### DATA EXTRACT

-------

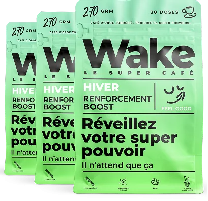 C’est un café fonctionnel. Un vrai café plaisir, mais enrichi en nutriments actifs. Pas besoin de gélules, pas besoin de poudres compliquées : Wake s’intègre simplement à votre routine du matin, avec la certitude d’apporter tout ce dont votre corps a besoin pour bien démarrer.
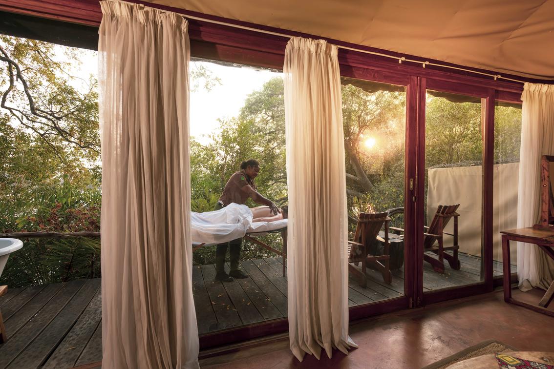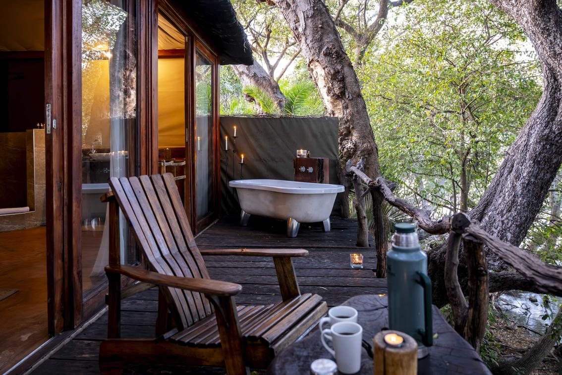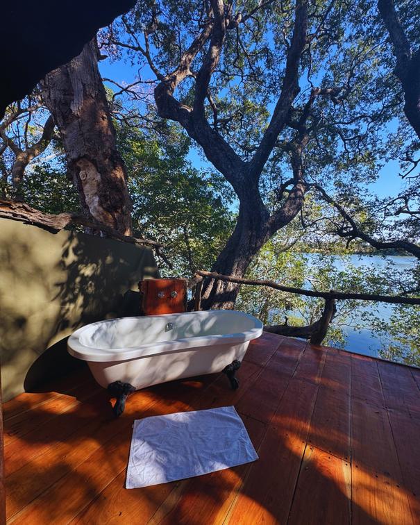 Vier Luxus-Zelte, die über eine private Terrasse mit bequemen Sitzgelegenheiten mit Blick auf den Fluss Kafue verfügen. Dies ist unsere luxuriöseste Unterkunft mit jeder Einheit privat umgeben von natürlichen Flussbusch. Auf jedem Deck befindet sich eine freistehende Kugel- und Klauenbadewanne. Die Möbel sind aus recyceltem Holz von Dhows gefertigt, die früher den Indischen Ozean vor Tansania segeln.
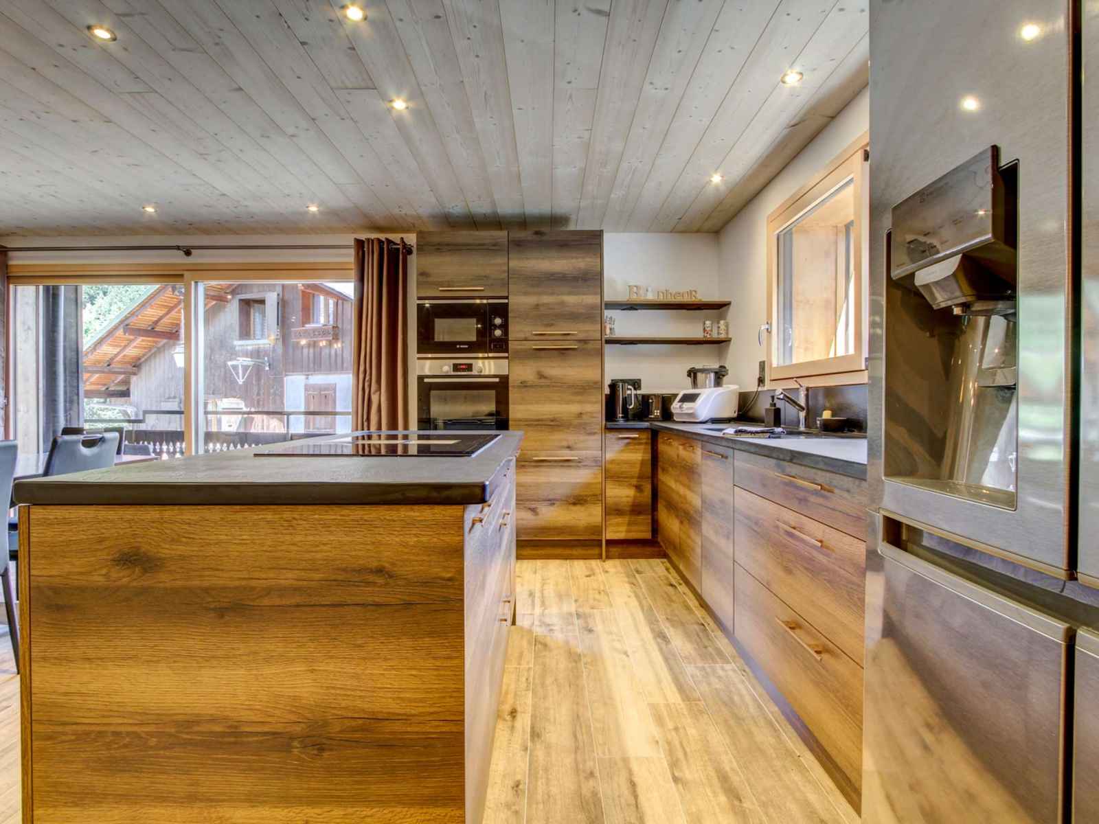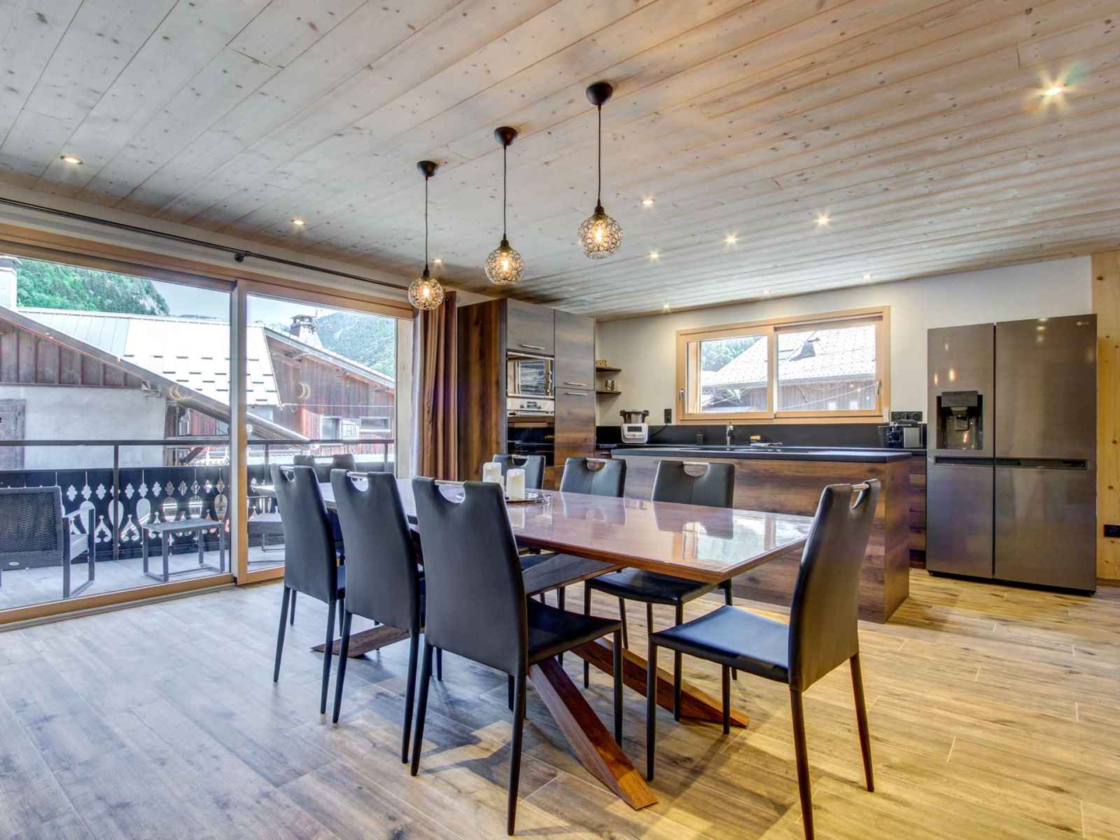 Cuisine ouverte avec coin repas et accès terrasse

-------

### ACTION ITEM
Return a verbatim transcription of the data, omitting all images.

### EXERCISE RESPONSE
 C’est un café fonctionnel. Un vrai café plaisir, mais enrichi en nutriments actifs. Pas besoin de gélules, pas besoin de poudres compliquées : Wake s’intègre simplement à votre routine du matin, avec la certitude d’apporter tout ce dont votre corps a besoin pour bien démarrer.
 Vier Luxus-Zelte, die über eine private Terrasse mit bequemen Sitzgelegenheiten mit Blick auf den Fluss Kafue verfügen. Dies ist unsere luxuriöseste Unterkunft mit jeder Einheit privat umgeben von natürlichen Flussbusch. Auf jedem Deck befindet sich eine freistehende Kugel- und Klauenbadewanne. Die Möbel sind aus recyceltem Holz von Dhows gefertigt, die früher den Indischen Ozean vor Tansania segeln.
 Cuisine ouverte avec coin repas et accès terrasse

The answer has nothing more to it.